(What is needed) Could you restate word for word the lines running from the one with "proto,这样就形成了一个链条,直到 Object.prototype,最终指向 null。" to the end of the data, both ends included, but without pictures?

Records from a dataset
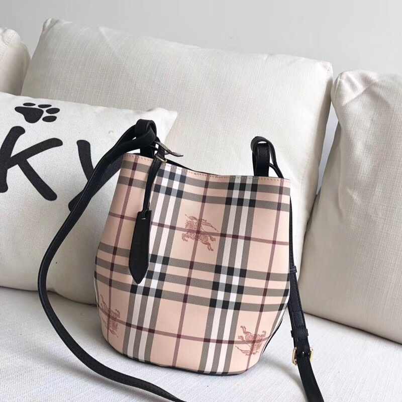 Burberry巴寶莉 Haymarket格紋 戰(zhàn)馬印花 拼色皮革 水桶包 黑色
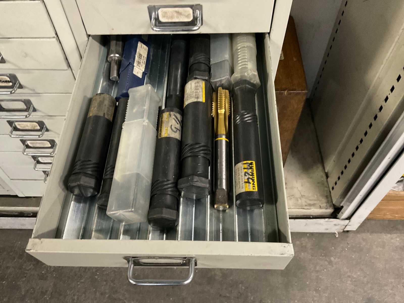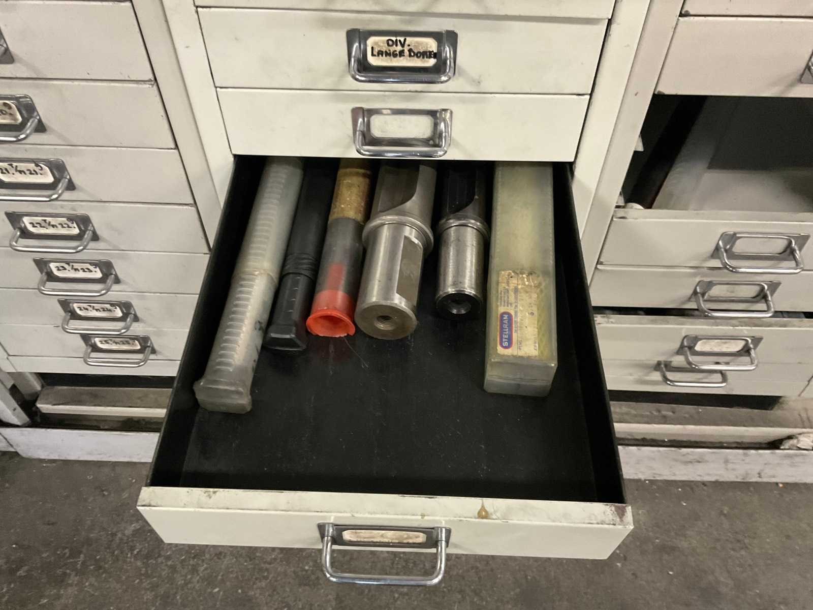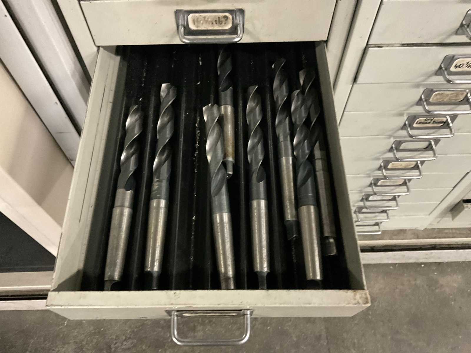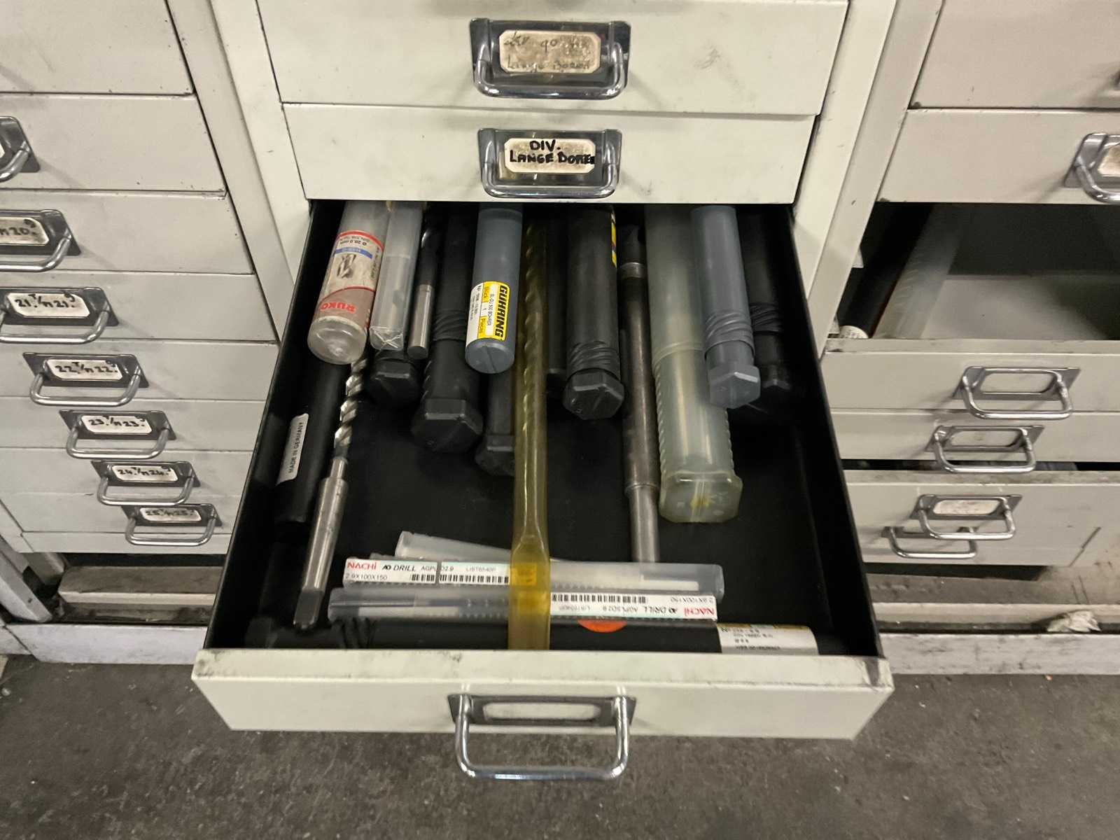 Waaronder: vaste ruimers, wisselsnijplaatjes, verzinkboren. incl. werkplaatskast; afm. ca. 120x47x195 c,m
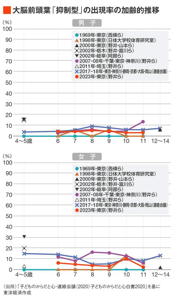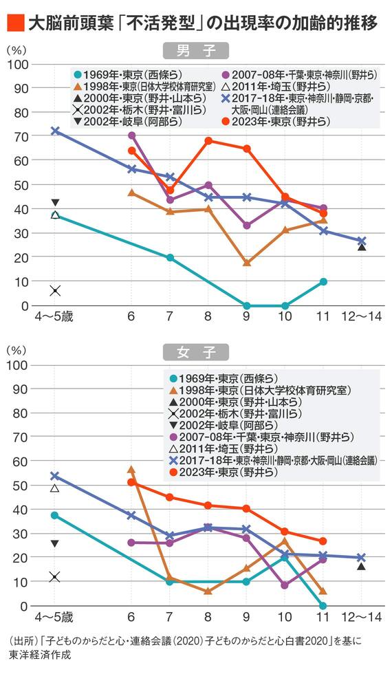 「⼦どものからだと⼼の全国的共同調査」(子どものからだと心・連絡会議、2018年実施)で保育園児から中学生まで約4200名に前頭葉機能検査(go/no-go 課題)を行ったところ、物事に集中するのに必要な“興奮”の「強さ」と気持ちを抑えるのに必要な“抑制”の「強さ」とが、ともに⼗分育っていないため、いつもそわそわ落ち着きがないという特徴を持つ「不活発型」の子どもが、調査開始当初の1969年から比べ、とくに男子でその出現率が増えています。
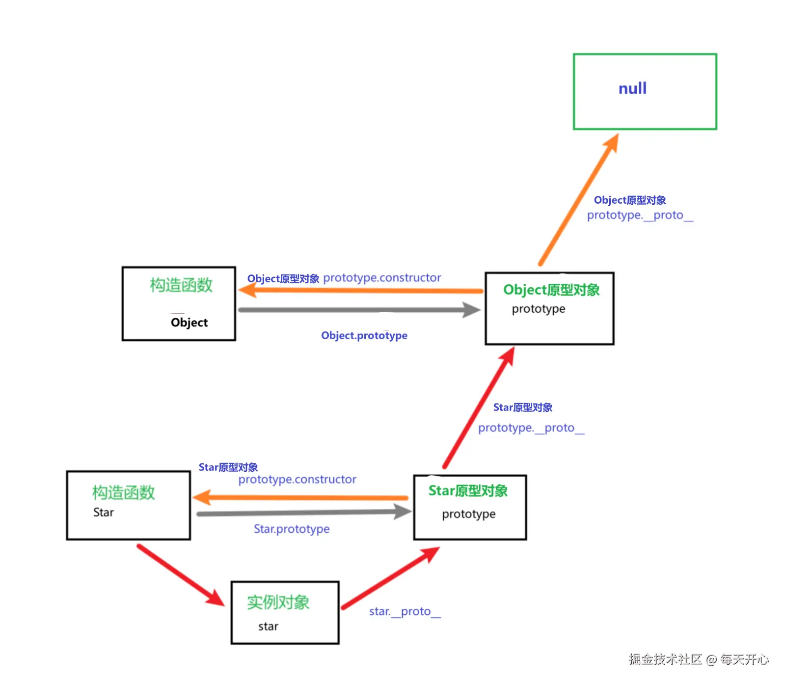 当使用构造函数创建对象时,新创建的对象实例会有一个内部属性 [[Prototype]](通常用 .__proto__表示),它指向构造函数的 prototype 对象。而原型对象本身也可能有自己的 proto,这样就形成了一个链条,直到 Object.prototype,最终指向 null。
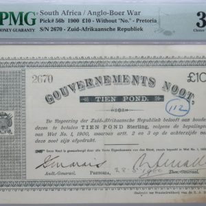 Lot 3: South Africa: Anglo Boer War Issues: ZAR TIEN Pond Gouvernements Noot Pretoria of 1900 PMG Graded Choice Very Fine 35.

(Response below)
 当使用构造函数创建对象时,新创建的对象实例会有一个内部属性 [[Prototype]](通常用 .__proto__表示),它指向构造函数的 prototype 对象。而原型对象本身也可能有自己的 proto,这样就形成了一个链条,直到 Object.prototype,最终指向 null。
 Lot 3: South Africa: Anglo Boer War Issues: ZAR TIEN Pond Gouvernements Noot Pretoria of 1900 PMG Graded Choice Very Fine 35.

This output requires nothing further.